Accelerated drug development programs and pathways help expedite the testing of drugs and biologics for rare and orphan diseases. These programs assist in addressing serious unmet medical needs in a timely manner by providing pathways for expedited drug development and approval. Given the unique patient populations and timeline considerations associated with rare disease clinical trials, it is important to thoroughly understand the regulatory guidelines that govern orphan and rare disease drug development, which can differ across regions around the world.
In an informative webinar presented by regulatory affairs experts from Medpace, some of the key regulatory strategies and considerations involved in rare and orphan disease drug development were discussed in depth.

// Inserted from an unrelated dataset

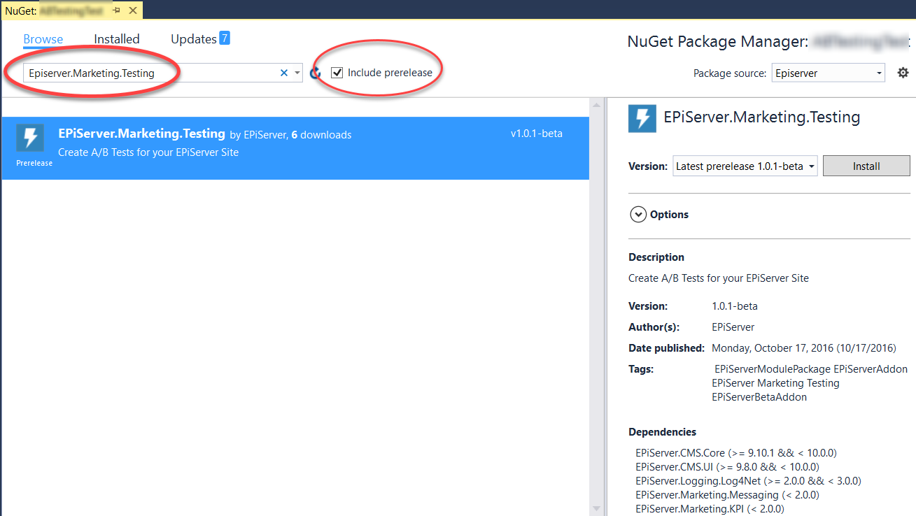 - Ensure the "Include prerelease" flag is ticked and search for "Episerver.Marketing.Testing":

The presentation highlighted the various designations and regulatory pathways that can be used to expedite and accelerate treatments for rare diseases in the US and European Union (EU). It outlined specific requirements for these designations, including suggestions for timely submissions and what to expect in meetings with regulatory agencies such as the US Food and Drug Administration (FDA) and the European Medicines Agency (EMA) in the EU. Additionally, requirements associated with pediatric rare disease drug development were also discussed.
Global Acceleration of Drug Development in Rare and Orphan Disease
Obtaining accelerated approval for new drugs and biologics in the rare and orphan disease space is essential in delivering new therapies to patients with debilitating rare diseases and conditions. To facilitate this, there are expedited pathways and designations that can be utilized to engage regulatory agencies around the world both early on and throughout clinical trials and development processes.
Time is of the essence for rare disease patient populations and thus these accelerated channels can be used to gain conditional approvals to achieve earlier time to development in order to get new therapies to patients faster. Key trial measures can be achieved through orphan designations both in the US and in the EU through specific expedited pathway designations.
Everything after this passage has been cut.